If you follow this blog every week, first of all, thank you.  Second of all, I know you’re probably tired of seeing cauliflower.  No worries, I’m a bit sick of it myself so this will be the last cauliflower recipe you see for a bit though I am certain it will return at some point. I know that it’s starting to warm up but since it’s supposed to rain all week here and it’s going to be chilly at night, I thought it would be OK to show one more soup recipe before summer starts.  For those out there who are staunchly against cauliflower, your brain probably wouldn’t let you enjoy this recipe but I hope you trust that I wouldn’t steer you wrong.  Cauliflower soaks up flavor so when it’s pureed and mixed with tons of potent ingredients, I promise you will feel more comfortable about eating it.  You’ll need a food processor for this because basically, you dump all of the ingredients in it then heat the soup up.  All you need to do is combine cauliflower (about two cups) with onion, artichoke hearts, sun dried tomatoes (both of the two previous ingredients are jarred and soaked in olive oil), mushrooms, chicken broth (about a cup) in the processor until it’s smooth and resembles potato soup.  Then, you heat it up.  You can heat it on the stove top but I just used the microwave.  The best part is the garnish.  I put the soup in a bowl, added fajita chicken strips, a crumbled piece of fried bacon and a couple splashes of hot sauce to the top.  The soup was filling (because you can eat all of it) and it’s bursting with lots of yummy flavors.  If you have one more cold snap where you are, give it a shot.



My mom recently gave me a grill pan for my oven because I can’t grill outside at my apartment.  I put it to use by making kabobs.  Essentially kabobs just consist of meat and veggies but they are easy and fun to make and they are kind of pretty.  I added chicken sausage, turkey sausage, chicken breast, onion and mushroom.  I did learn that all items on the kabob need to be the same size.

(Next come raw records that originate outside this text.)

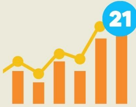
คุณภาพผู้เรียน / ทักษะในศตวรรษที่ 21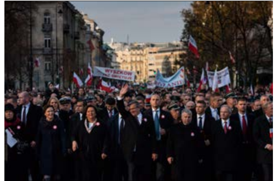
Para Prezydencka na czele Marszu „Razem dla Niepodległej”, 11 listopada 2012 r.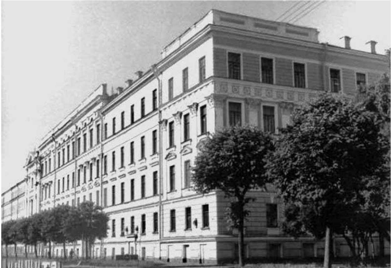
Санкт-Петербургское военно-топографическое училище в начале XX века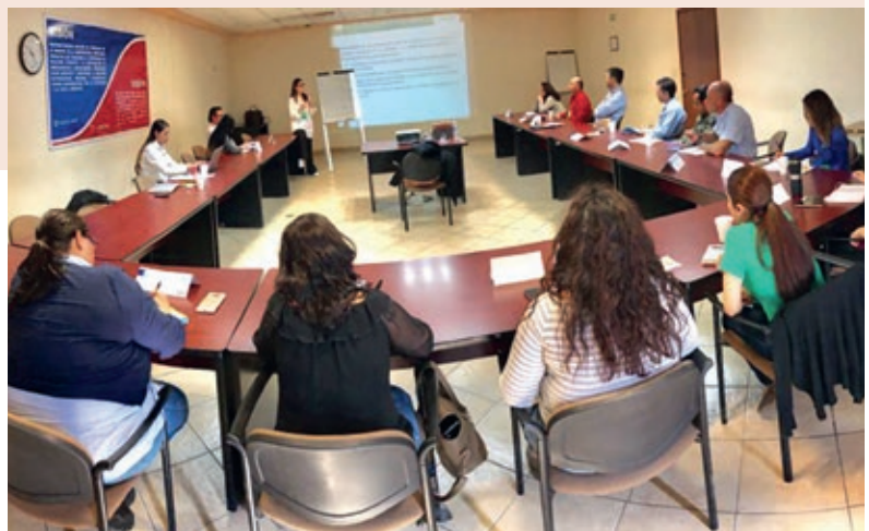
Diplomado en cultura organizacional, planta revestimientos Querétaro

Se mantuvo una participación activa con el Centro de Competitividad (CCMX) en Monterrey y la Ciudad de México, transmitiendo las mejores prácticas a nuestros proveedores con la finalidad de potencializarlos. Algunos de los programas de profesionalización impartidos fueron los de Estrategia Comercial y el de Cultura Organizacional, entre otros.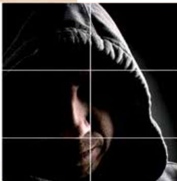
HA VESZÉLYESNEK TŰNŐ EMBERT LÁT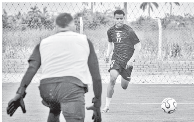
Bolívar enfrentará a Independiente Rivadavia. CLUB BOLIVAR

El encuentro se trasladó de sede, de La Paz a Santa Cruz, debido a los conflictos sociales en el país, que tienen su epicentro en la Sede de Gobierno. En Santa Cruz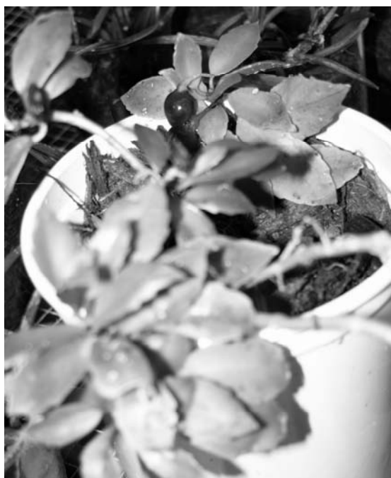
Figura 6: Codonanthe uleana Fritsch en cultivo.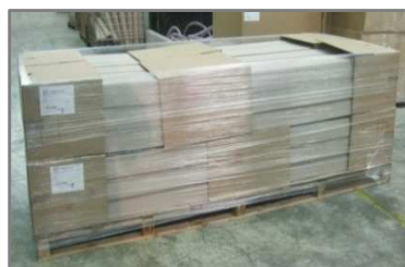
Palette 1200x3000 filmée Hauteur 1000mm Carton 600x400x300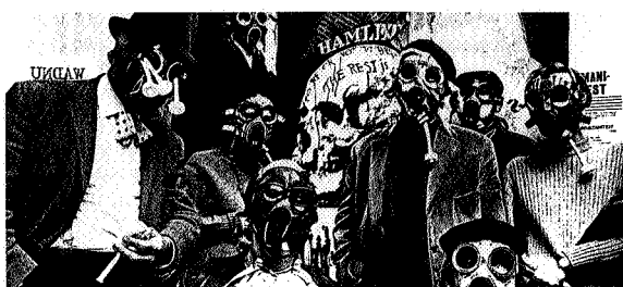
Kunstgroep Nu tijdens de opening van de tentoonstelling Wad Nu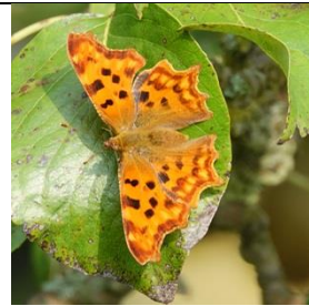
1/9, gehakelde aurelia , Naaldwijk, Aad van Uffelen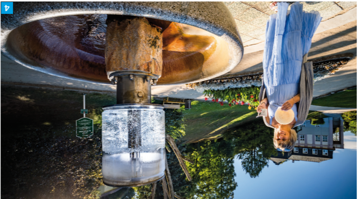
4 Luháčovice, Pramen Dr. Sastneho

Pro malou vzdálenost se z Luháčovic nabízí také Luháčovické Zálesí a Bílé Karpaty, které jsou doslova nadohled. V nich zapomenete na čas i prostor.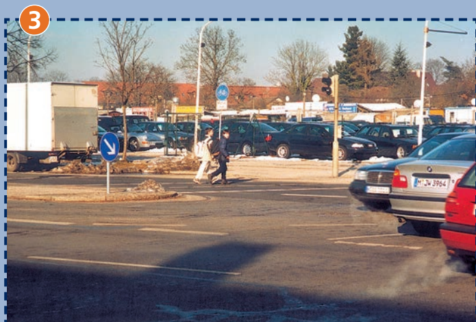
Kreuzung Feldbergstraße/Wasserburger Landstraße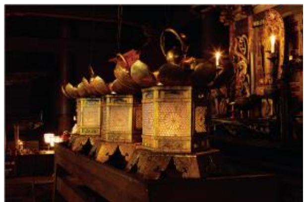
▲比叡山延暦寺の根本中堂（国宝）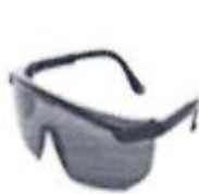
LENTES DE SEGURIDAD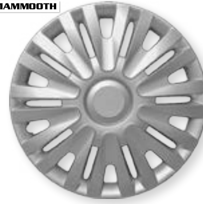
ALPHA MMT A112 2046 14", 15", 16"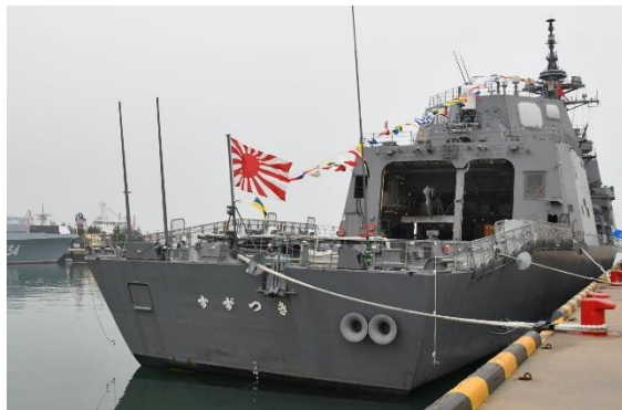
Desfile naval internacional (China 2019) (Buque de la Fuerza Marítima de Autodefensa en el puerto de Qingdao)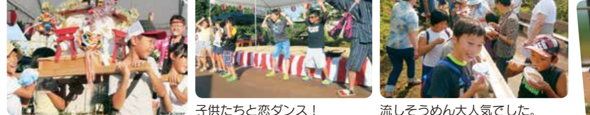
子供たちと恋ダンス!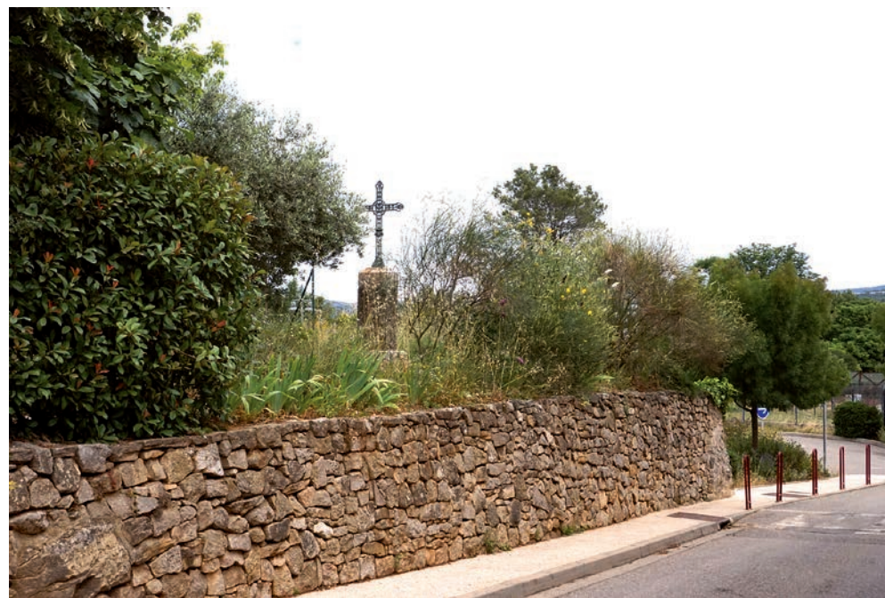
Croix de chemin, près de la mairie

Enfin, la croix de Pourcieux, visible depuis le village, domine et marque l'ensemble du territoire pourciérain. Dernière d'une série, l'existence d'une croix de bois se lit déjà dans les vers de Marius Bourrelly en 1868. Au sud, implantée au sommet de la colline de la Coquille, elle est accessible par un chemin de randonnée.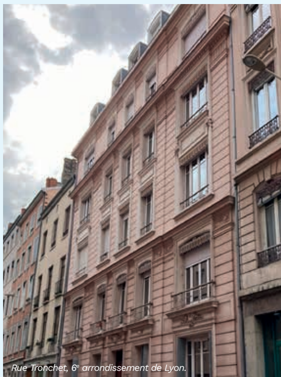
Rue Tronchet, 6 e arrondissement de Lyon.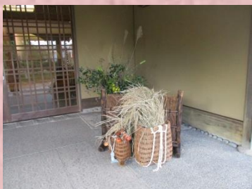
五穀の収穫に感謝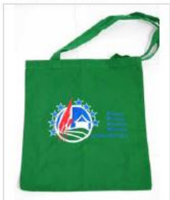
Torba płócienna zielona - PRZYKŁAD: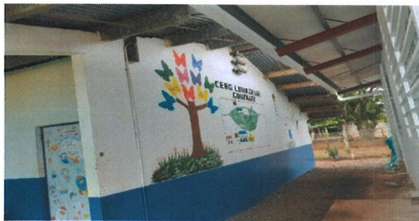
Vista parcial del edificio antiguo de la escuela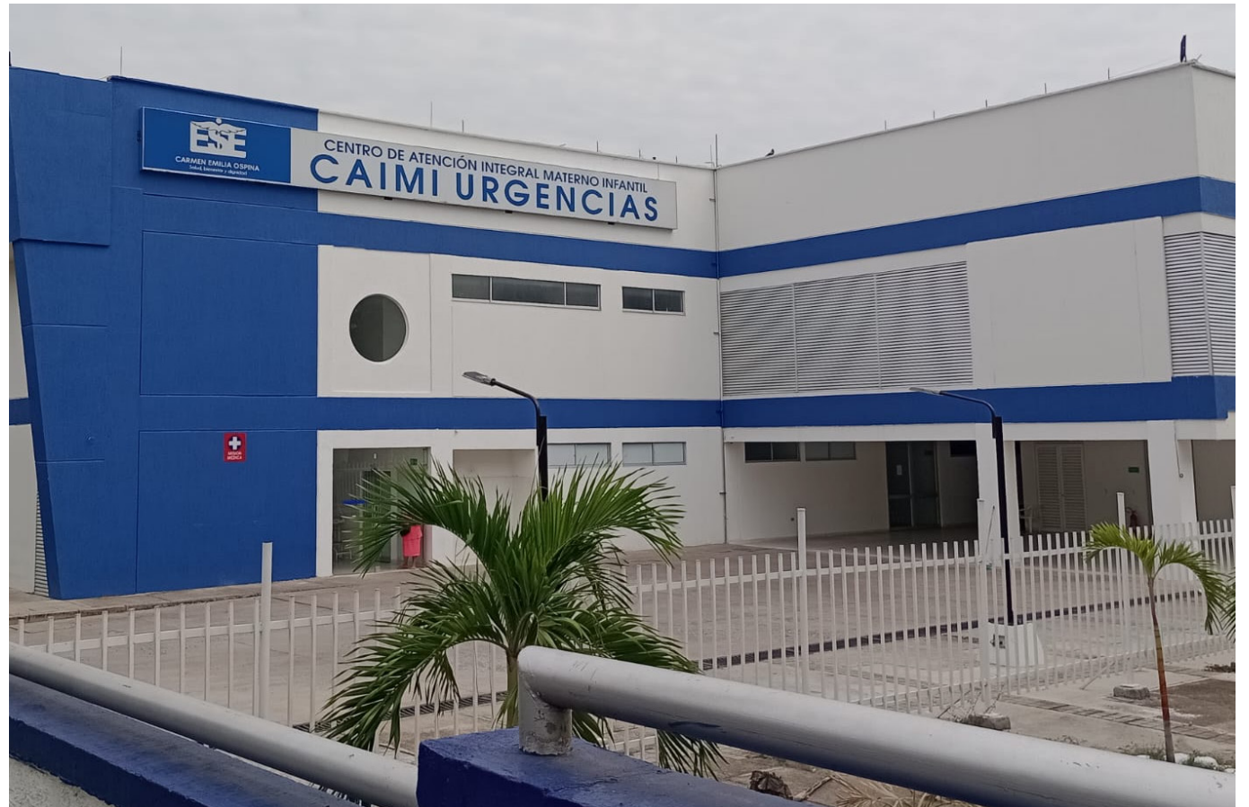
En esta obra se han invertido $ 2.945.281.425.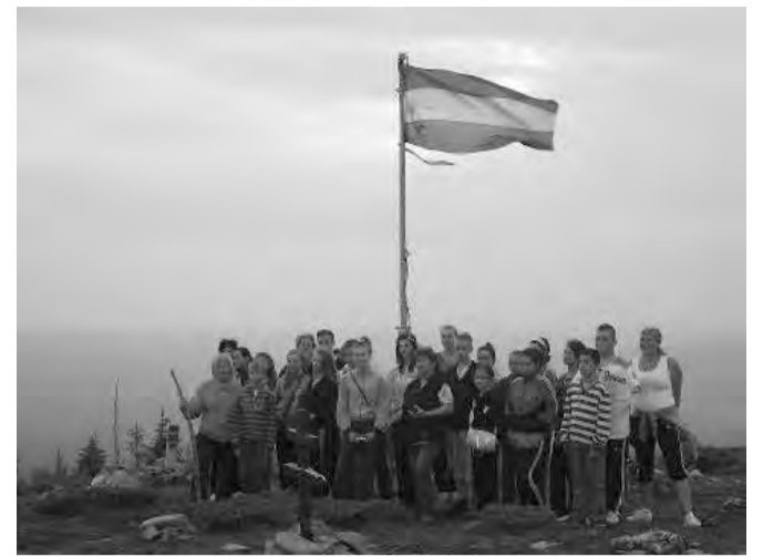
A Hargita tetején a kiránduló csapat

Elmentünk reggel a szalmakalap múzeumba. Fel is lehetett próbálni némelyiket, illetve kicsit belekukkantani a kalapkészítés rejtelseibe. Homokköveket nézhettünk meg, némelyiknek érdekes formája megdolgoztatta a fantáziánkat (pl.: kacsza, fagylalt, nyúl vagy éppen egy beszélő kő). Ezután ki is lehetett próbálni a szalmakészítés mesterségét. Lehetett csinálni angyalt, gyűrűt; különféle fonásokat tanulhattunk meg, némelyikünk még szitakötőt is készített. Meglátogattunk egy régi református templomot, kiválóan lehetett ott hűsölni. Búcsúztunk az ottani emberektől és már mentünk is Parajdra a sóbányába. Lelele busszal mentünk. Kicsit hűvös, de érdekes és magával ragadó élmény volt. Kint ba-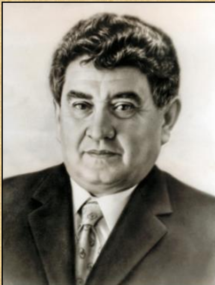
Виктор Юзефови ч Драгунски й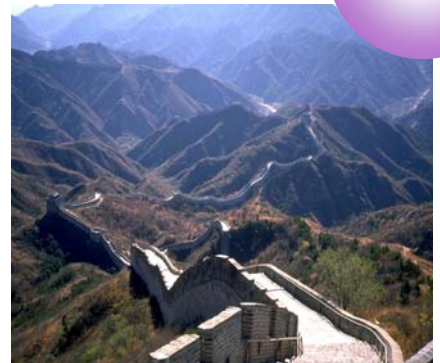
กำหนดการเดินทาง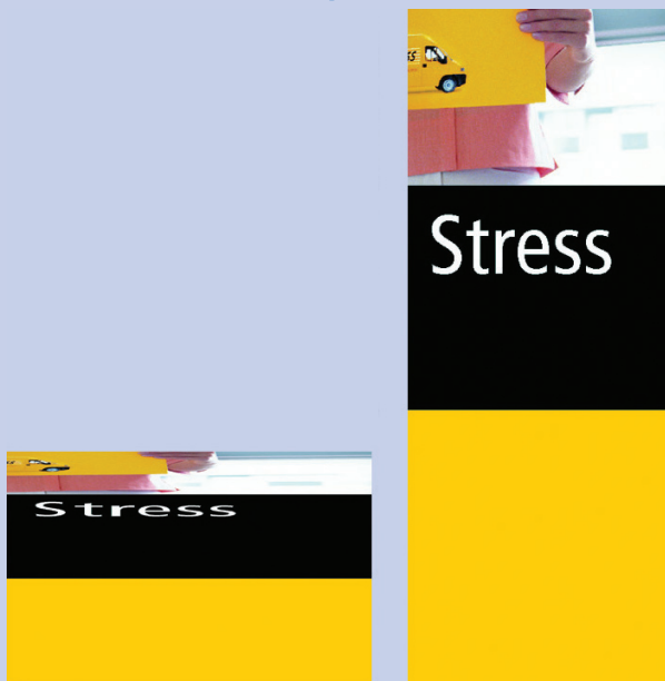
Abb. 5: Trotz aller Störungen und Fremdeinflüsse anzukommen, ist einer Nachricht nur möglich, wenn sie in ein stabiles Muster gepackt ist. Selbst wenn diese Anzeige der Deutsche Post deformiert ist, erkennt man noch, wer spricht.

sind Baumaterial für das Kommunikationsmuster. Für Marken, die bislang über kein kommunikatives Muster verfügen, lautet die Aufgabe, neue, charakteristische Elemente in die Kommunikation einfließen zu lassen.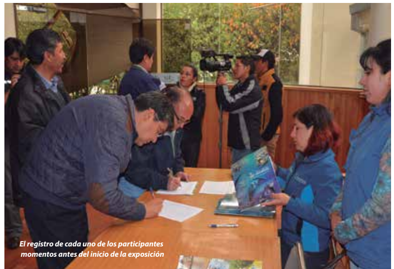
El registro de cada uno de los participantes momentos antes del inicio de la exposición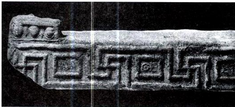
Обр. 3. Фасадна глинена керемида с украса (коринтски тип) с името на Антестерий от разкопки в Несебър, датирана в края на V – ранен IV век пр. Христа.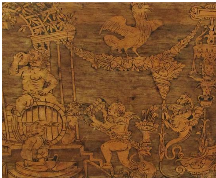
Иллюстрация 2. Свадебный кассоне. XVI век, Болонья (деталь лицевой стороны)

Крышка кассоне декорирована маскаронами в фигурных рамках (Илл. 3). Они размещены симметрично по углам и в центре крышки – всего девять изображений. Боковые стороны украшены двумя большими овалами (по одному на каждой стенке), вокруг которых в виде пышной рамки размещены прихотливо извивающиеся растительные завитки. В основании сундука – резной «ложчатый» карниз. Его четыре угла акцентированы листьями аканта.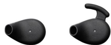
〈標準イヤークリップ(左)とサポート付イヤークリップ(右)〉

イヤークリップは、標準イヤークリップ(S/M サイズ 各 1 個)に加え、より安定した装着感を実現するサポート付きイヤークリップ(右耳用 S/M サイズ 各 1 個、左耳用 S/M サイズ 各 1 個)の 2 種類を付属。好みの装着感や装着スタイルに合わせて選べます。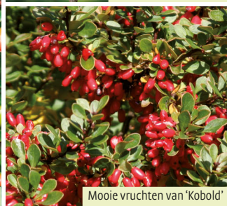
Mooie vruchten van 'Kobold'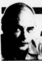
par Laurent LAPLANTE (collaboration spéciale)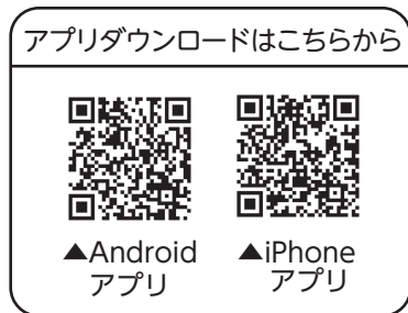
アプリダウンロードはこちらから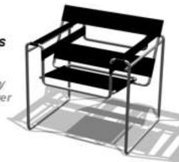
Chaise Wassily de Marcel Breuer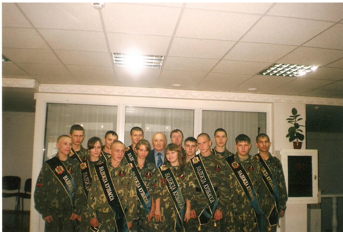
Август 2011 год. Награждённые поисковики отряда «Сибиряк»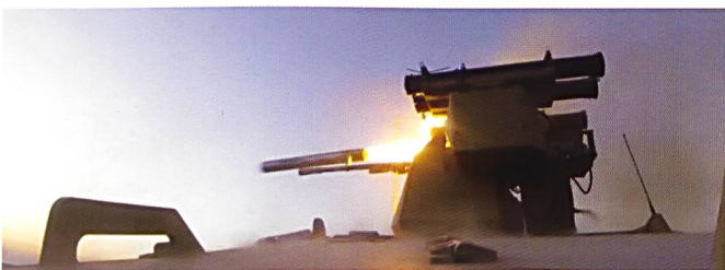
Ci-dessous : Tir d'un missile antichar guidé Kornet par un Soratnik .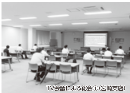
TV会議による総会①(宮崎支店)

2020年度は、「第6期中期経営計画」の最終年度として、中期経営計画で掲げる目標を達成するとともに、第7期中期経営計画につなげるため、会員の皆さまのご理解・ご協力をいただきます。ながら各施策を展開してまいります。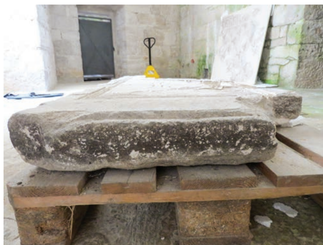
Sl. 4 Bočna strana ploče.

corner there are trefoils directed towards the cross, and the central position of the edge of the steplike profile shows a branch with leaves with a dove on it. The latter motifs were made by almost engraving the stone surface. The leaves are emphasized in the middle, in order to achieve greater realism of the motif, and the beautifully depicted dove, with a rounded head and a short beak, has emphasized feathers in the area of the tail, a wing, and an eye. The slab does not have a preserved connection (a pin) necessary for wedging into the pilaster (Fig. 4).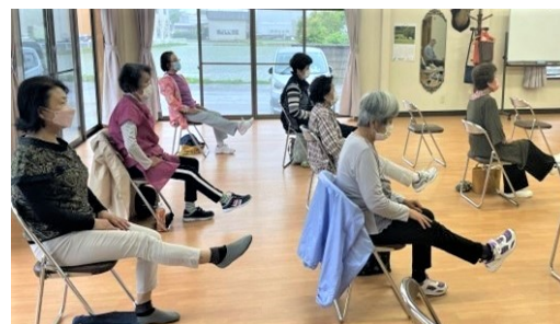
南郷屋 <いきいき百歳体操>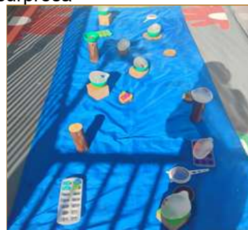
Atividade 3: Espaço organizado, gelo surpresa

The mushrooms were a bit bigger to it put some of the ingredients off balance.  All I did to remedy this was pop the kabobs in the oven to let them finish cooking to temperature.  I served them with lettuce and salsa and they were delicious!






Finally, I threw together a brunch like recipe last week.  I took fajita sausage, chopped it up and mixed it with scrambled eggs and salsa.  I served it with a side salad that used olive oil vinaigrette as the dressing.  It was perfect for a 10:30AM meal.  It wasn’t pretty but it was tasty and had quite a kick.

I get to see Jordan this weekend! His sister is getting married on Saturday and other than cake and finger food temptation, I'm very happy for her.

I plan on working hard again this week.  I hope it pays off when I weigh this weekend.  Good luck everyone!

Monday, March 23, 2015

Louisiana Style

Hey y’all! Spring Break is over and Monday has come out swinging’.  I probably chose poorly by going to New Orleans on the weekend after spring break because I’m struggling today.  It was worth it though because we had a great time.  I opted not to weigh last weekend.  I let myself slide a few times late in the week.  I’m not sure what prompted this but I was feeling a bit drained with the dieting and knew I had a fun, calorie-filled weekend ahead of me.  Also, I know this will anger those of you who don’t get a spring break but now that I’ve experienced it, I realize that too much down time is terrible for me.  I found myself not wanting to do normal tasks like workout or shower even.  I was productive the first day because I cleaned and graded but after that I just lied in bed most of the time and actually felt a bit depressed.  I am now considering finding a summer job more than ever.  The money would be helpful but also, it would keep me from becoming a non-exercising, pizza eating recluse.  Anyway, I realize I change things up a lot but I’m going to do it again.  I like to combine the aspects of the slow carb diet with aspects of reality which is some day, in the future, I may crave Mexican food in the middle of the week.  Sometimes, those things should be allowed.  I want something I can do forever.  In addition to that, the one cheat day a week is making me quite ill.  I’m a classic binge eater so I stuff my face to the point of nausea and discomfort on Sundays.  So, I’m keeping the slow carb vibe, counting calories, adding a bit more for exercise but not as much as they give me credit for, incorporating a few non-slow carb items during the week (possibly sweet potatoes or quinoa) but only roughly one serving of those a day and finally, 2 cheat meals a week and 3 servings of cheat “other” which may include dessert, a drink or an appetizer.  I’m counting all of these things as a set calorie count so I don’t overeat the rest of the day.  I’m also going to try and split these cheat meals in half so I can have them later in the day when I get hungry again.  My goal is to stop overeating all together so I stop expanding my stomach and I get a chance to work on my mental issues when it comes to binging and my other goal is to eat healthy about 85% of the time.  I’m fighting every day.  I will weigh at the end of the week.  Hopefully my fun time in NOLA doesn’t take long to get rid of but honestly, it was worth it. 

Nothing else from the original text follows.